◆ EXERCISE OBJECTIVE
Restate the listing below word for word, and leave its pictures behind.

◆ SOURCE MATERIAL
◆ ◆ ◆ ◆

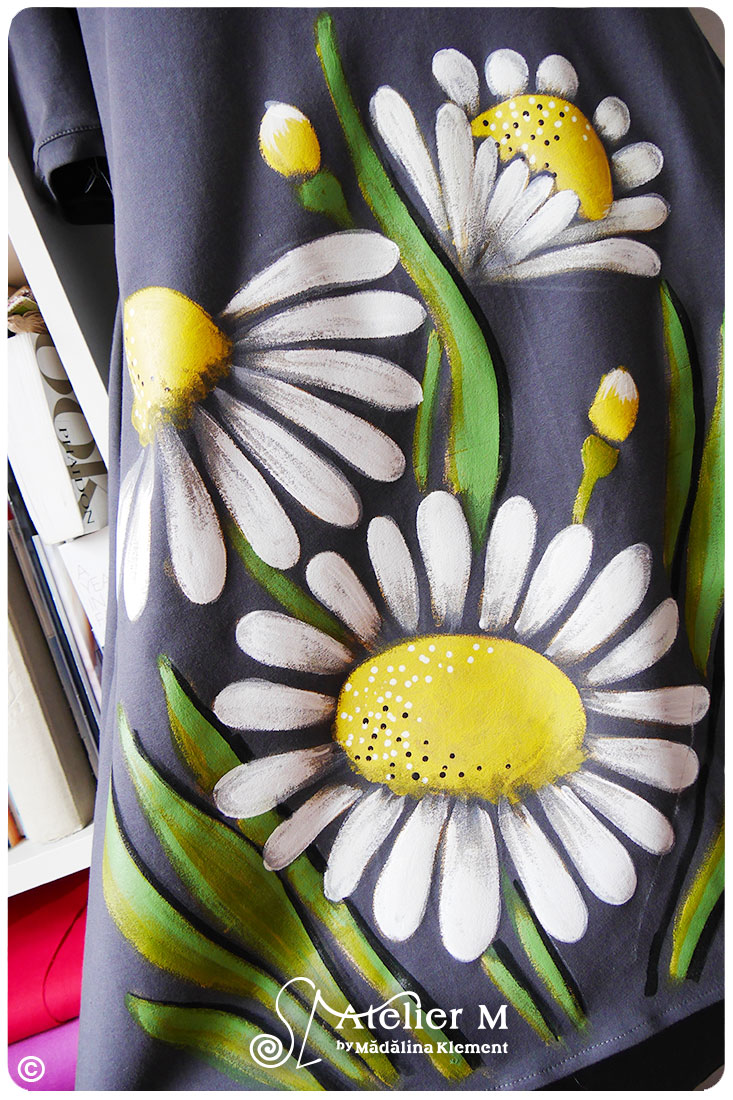 Rochia model AMON si variatiuni de culori si margarete pictate.
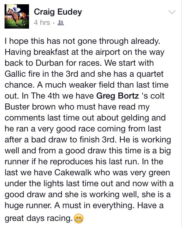 Re: Greyville Sunday
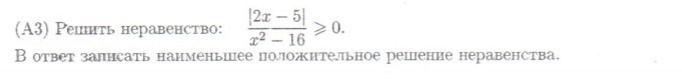 Числитель дроби обращается в 0 при x=5/2, знаменатель - при x=4 и при x=-4. Значит, дробь не определена при x=4 и при x=-4 и обращается в 0 при x=5/2. При x<-4 дробь положительна, при -4<x<5/2 отрицательна, при 5/2<x<4 также отрицательна и при x>4 положительна. Отсюда следует, что наименьшим положительным решением является 5/2=2,5. Ответ: 2,5.

◆ ◆ ◆ ◆

◆ ANSWER
 Rochia model AMON si variatiuni de culori si margarete pictate.
 Re: Greyville Sunday
 Числитель дроби обращается в 0 при x=5/2, знаменатель - при x=4 и при x=-4. Значит, дробь не определена при x=4 и при x=-4 и обращается в 0 при x=5/2. При x<-4 дробь положительна, при -4<x<5/2 отрицательна, при 5/2<x<4 также отрицательна и при x>4 положительна. Отсюда следует, что наименьшим положительным решением является 5/2=2,5. Ответ: 2,5.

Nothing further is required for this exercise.